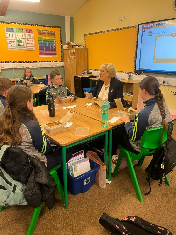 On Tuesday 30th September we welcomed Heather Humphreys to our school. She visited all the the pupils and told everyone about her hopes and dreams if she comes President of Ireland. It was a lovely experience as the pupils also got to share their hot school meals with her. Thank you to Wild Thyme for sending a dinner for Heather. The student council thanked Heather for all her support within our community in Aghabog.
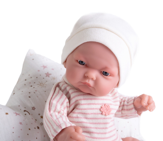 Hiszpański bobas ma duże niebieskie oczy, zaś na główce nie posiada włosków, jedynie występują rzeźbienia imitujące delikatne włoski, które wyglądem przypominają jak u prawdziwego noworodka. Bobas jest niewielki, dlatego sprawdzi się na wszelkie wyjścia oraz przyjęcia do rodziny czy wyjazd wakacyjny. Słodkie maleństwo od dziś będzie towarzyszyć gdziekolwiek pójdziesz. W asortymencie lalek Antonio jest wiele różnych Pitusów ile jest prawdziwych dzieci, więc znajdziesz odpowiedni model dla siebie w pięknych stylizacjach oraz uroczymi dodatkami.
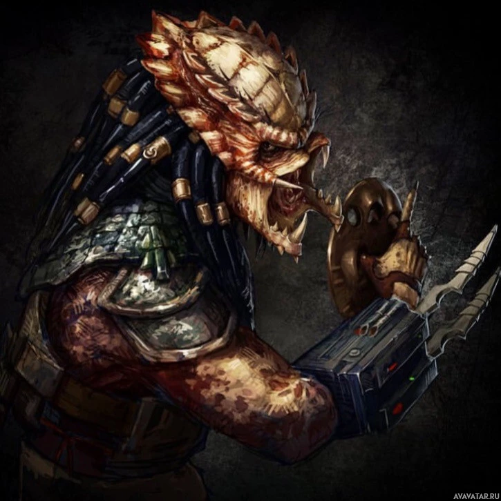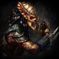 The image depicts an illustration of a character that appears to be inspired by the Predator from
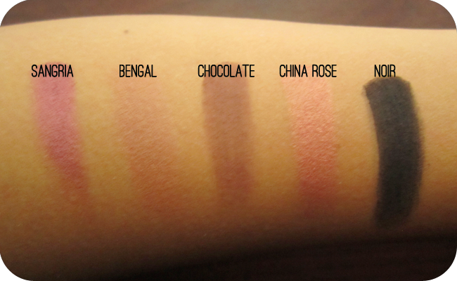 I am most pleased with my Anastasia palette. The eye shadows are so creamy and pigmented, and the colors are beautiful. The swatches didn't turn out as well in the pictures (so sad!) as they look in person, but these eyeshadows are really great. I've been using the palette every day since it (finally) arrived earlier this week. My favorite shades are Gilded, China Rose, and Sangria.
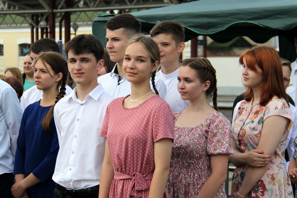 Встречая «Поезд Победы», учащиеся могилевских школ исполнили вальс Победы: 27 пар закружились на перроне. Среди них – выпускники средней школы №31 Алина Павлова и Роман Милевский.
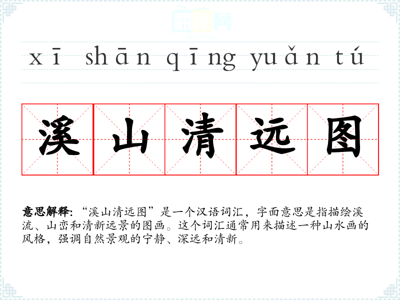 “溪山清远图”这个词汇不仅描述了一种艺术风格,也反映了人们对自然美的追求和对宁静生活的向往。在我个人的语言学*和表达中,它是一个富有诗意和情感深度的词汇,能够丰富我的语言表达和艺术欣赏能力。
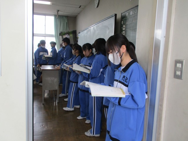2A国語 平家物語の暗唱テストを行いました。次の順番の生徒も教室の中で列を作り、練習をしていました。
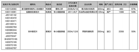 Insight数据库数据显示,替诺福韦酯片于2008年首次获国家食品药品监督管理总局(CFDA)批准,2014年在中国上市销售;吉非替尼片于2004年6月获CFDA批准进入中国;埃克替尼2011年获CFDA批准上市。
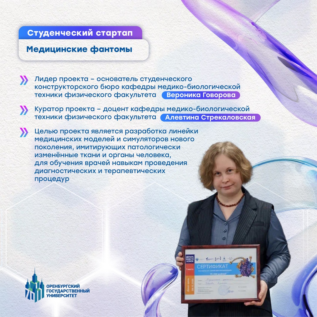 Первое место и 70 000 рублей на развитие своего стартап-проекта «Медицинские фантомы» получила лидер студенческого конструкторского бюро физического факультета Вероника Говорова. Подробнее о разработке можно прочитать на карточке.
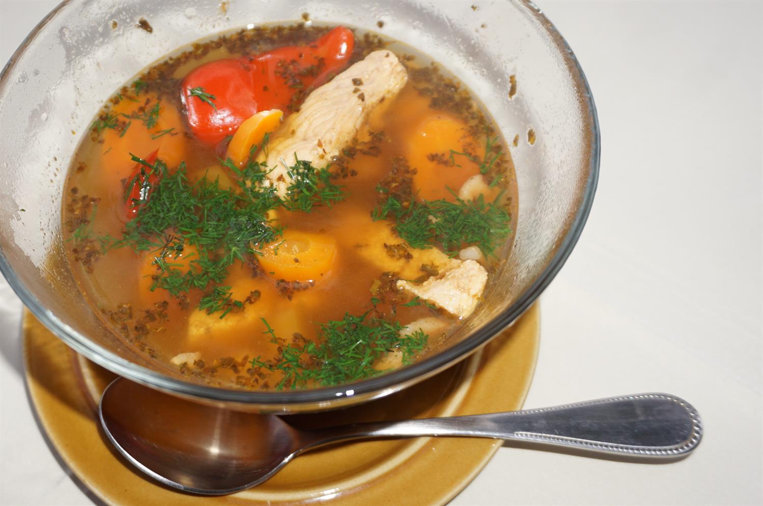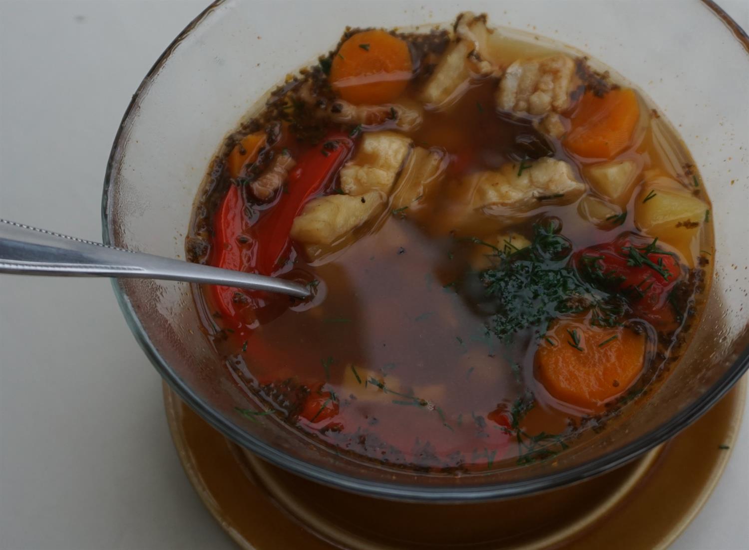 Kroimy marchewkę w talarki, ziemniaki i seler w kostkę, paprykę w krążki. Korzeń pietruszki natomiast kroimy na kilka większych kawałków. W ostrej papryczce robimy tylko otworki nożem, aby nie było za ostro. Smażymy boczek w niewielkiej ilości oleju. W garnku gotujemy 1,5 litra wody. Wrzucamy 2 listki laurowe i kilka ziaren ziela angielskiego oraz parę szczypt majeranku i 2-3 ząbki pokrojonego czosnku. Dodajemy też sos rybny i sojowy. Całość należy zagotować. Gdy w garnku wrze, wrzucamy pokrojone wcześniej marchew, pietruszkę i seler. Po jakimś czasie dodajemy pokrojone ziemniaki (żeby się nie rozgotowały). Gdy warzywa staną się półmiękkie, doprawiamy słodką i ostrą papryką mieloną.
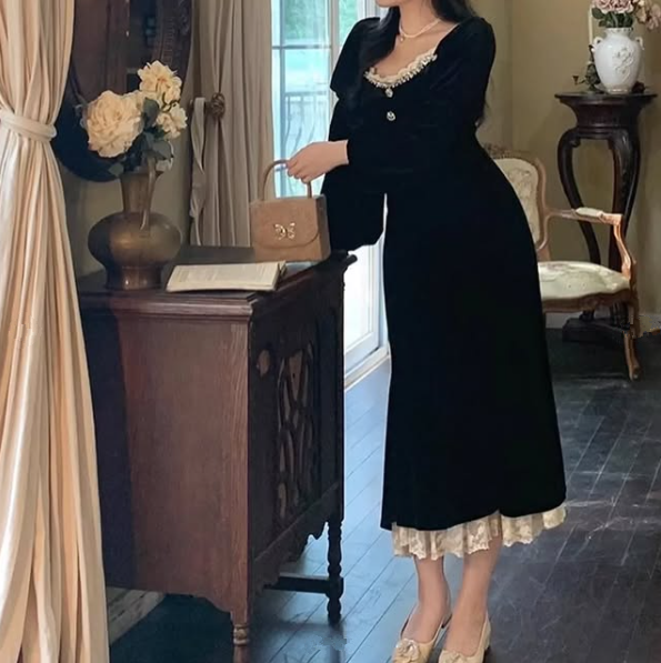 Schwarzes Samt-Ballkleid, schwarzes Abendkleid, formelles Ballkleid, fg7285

====

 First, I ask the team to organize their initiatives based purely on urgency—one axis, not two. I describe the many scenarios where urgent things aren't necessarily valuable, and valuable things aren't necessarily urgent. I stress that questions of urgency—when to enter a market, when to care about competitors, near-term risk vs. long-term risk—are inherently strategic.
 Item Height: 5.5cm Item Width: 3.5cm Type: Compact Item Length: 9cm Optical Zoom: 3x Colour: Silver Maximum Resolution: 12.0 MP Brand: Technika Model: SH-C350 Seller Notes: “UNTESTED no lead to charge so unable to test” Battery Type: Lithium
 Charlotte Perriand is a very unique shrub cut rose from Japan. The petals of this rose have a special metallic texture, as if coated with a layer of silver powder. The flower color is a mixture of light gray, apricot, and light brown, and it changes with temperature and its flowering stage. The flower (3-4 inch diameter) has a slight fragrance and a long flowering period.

====

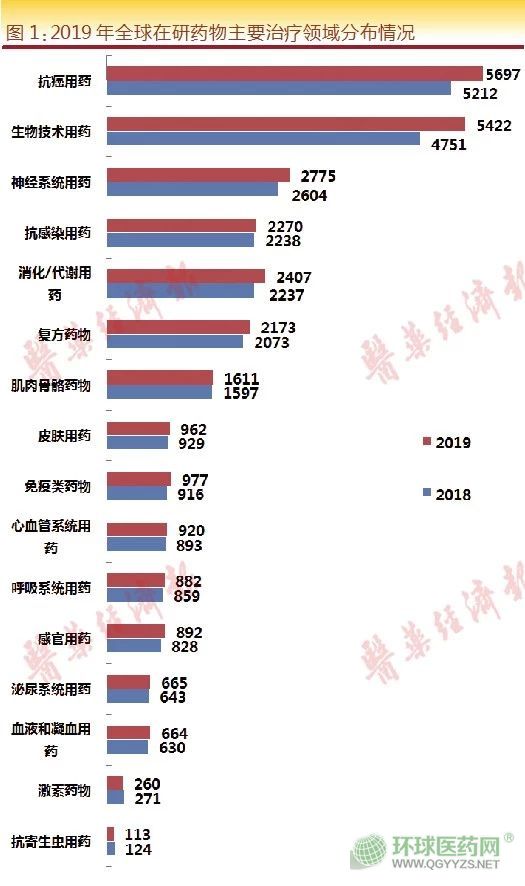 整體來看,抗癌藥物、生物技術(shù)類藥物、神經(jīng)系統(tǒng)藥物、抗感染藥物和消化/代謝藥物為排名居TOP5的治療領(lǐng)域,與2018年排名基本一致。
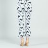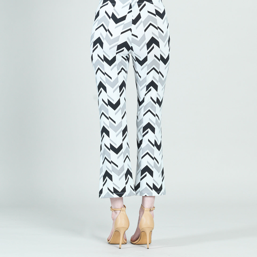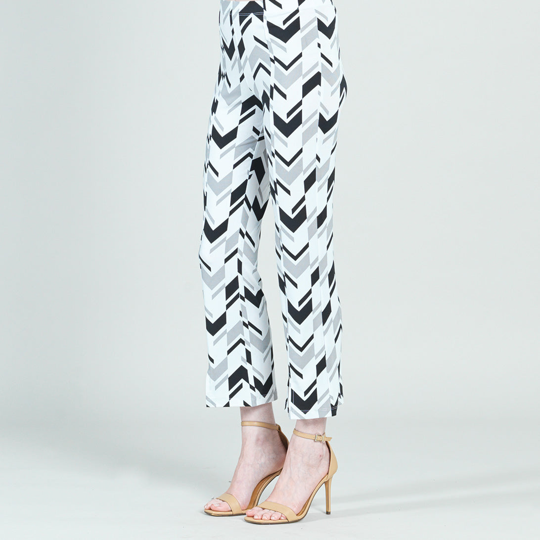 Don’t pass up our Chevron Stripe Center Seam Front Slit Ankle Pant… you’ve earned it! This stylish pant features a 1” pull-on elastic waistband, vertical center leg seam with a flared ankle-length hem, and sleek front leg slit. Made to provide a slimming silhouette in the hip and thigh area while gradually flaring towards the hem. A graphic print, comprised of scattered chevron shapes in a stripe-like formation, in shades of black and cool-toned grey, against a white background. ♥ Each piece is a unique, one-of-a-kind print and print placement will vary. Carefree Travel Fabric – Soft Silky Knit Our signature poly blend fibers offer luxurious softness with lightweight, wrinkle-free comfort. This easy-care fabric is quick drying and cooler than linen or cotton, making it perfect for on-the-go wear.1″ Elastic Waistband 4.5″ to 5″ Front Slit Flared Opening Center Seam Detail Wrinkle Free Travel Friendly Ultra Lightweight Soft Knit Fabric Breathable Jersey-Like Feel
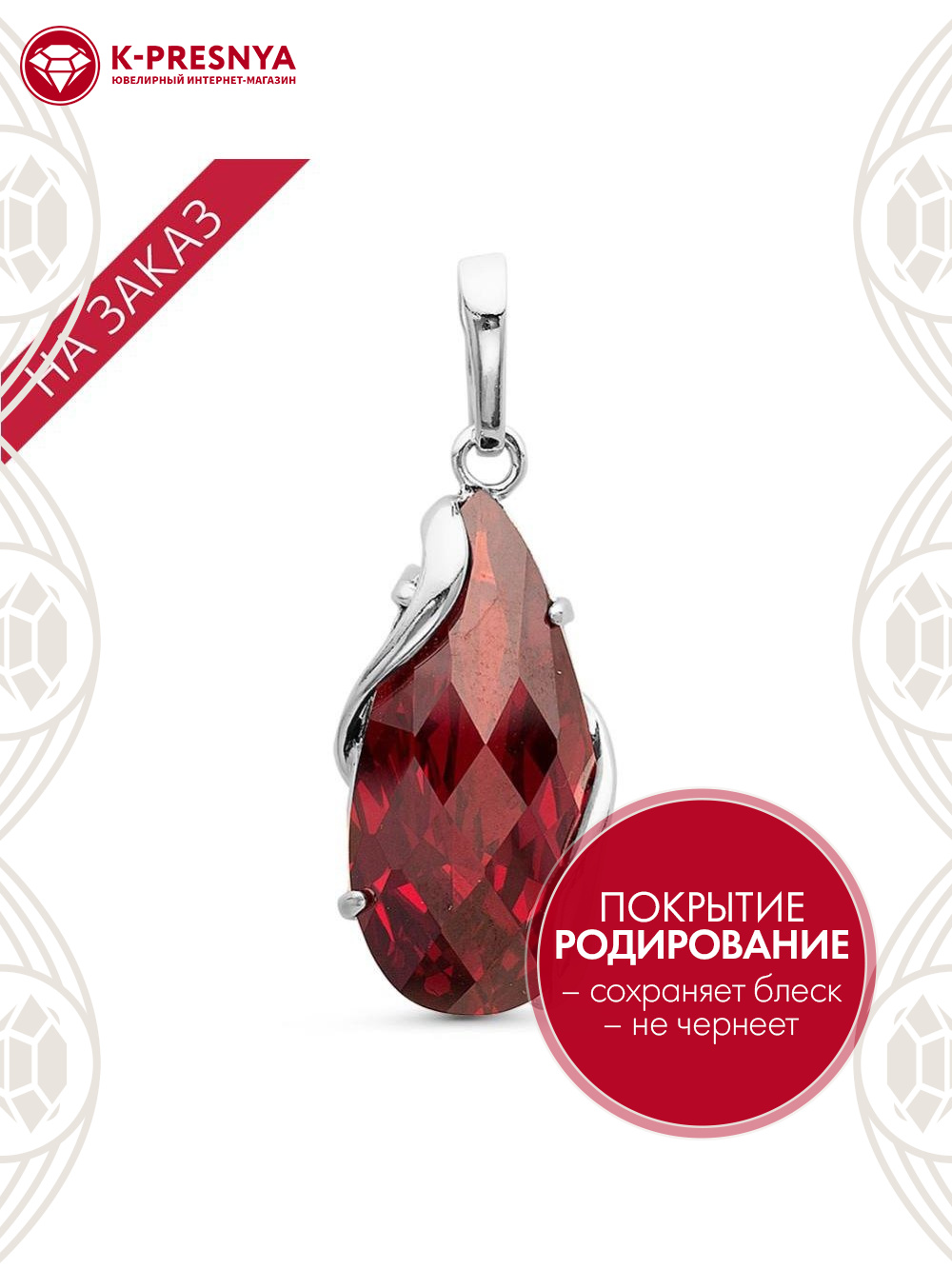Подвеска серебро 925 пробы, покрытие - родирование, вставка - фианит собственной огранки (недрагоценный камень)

====

▶ **PROBLEM DESCRIPTION**
The entries above hold a line with "First, I ask" and a later line with "Item Height: 5.5cm". Write out exactly those lines and all lines between, nothing more.

▶ **SOLUTION TO THIS EXERCISE**
 First, I ask the team to organize their initiatives based purely on urgency—one axis, not two. I describe the many scenarios where urgent things aren't necessarily valuable, and valuable things aren't necessarily urgent. I stress that questions of urgency—when to enter a market, when to care about competitors, near-term risk vs. long-term risk—are inherently strategic.
 Item Height: 5.5cm Item Width: 3.5cm Type: Compact Item Length: 9cm Optical Zoom: 3x Colour: Silver Maximum Resolution: 12.0 MP Brand: Technika Model: SH-C350 Seller Notes: “UNTESTED no lead to charge so unable to test” Battery Type: Lithium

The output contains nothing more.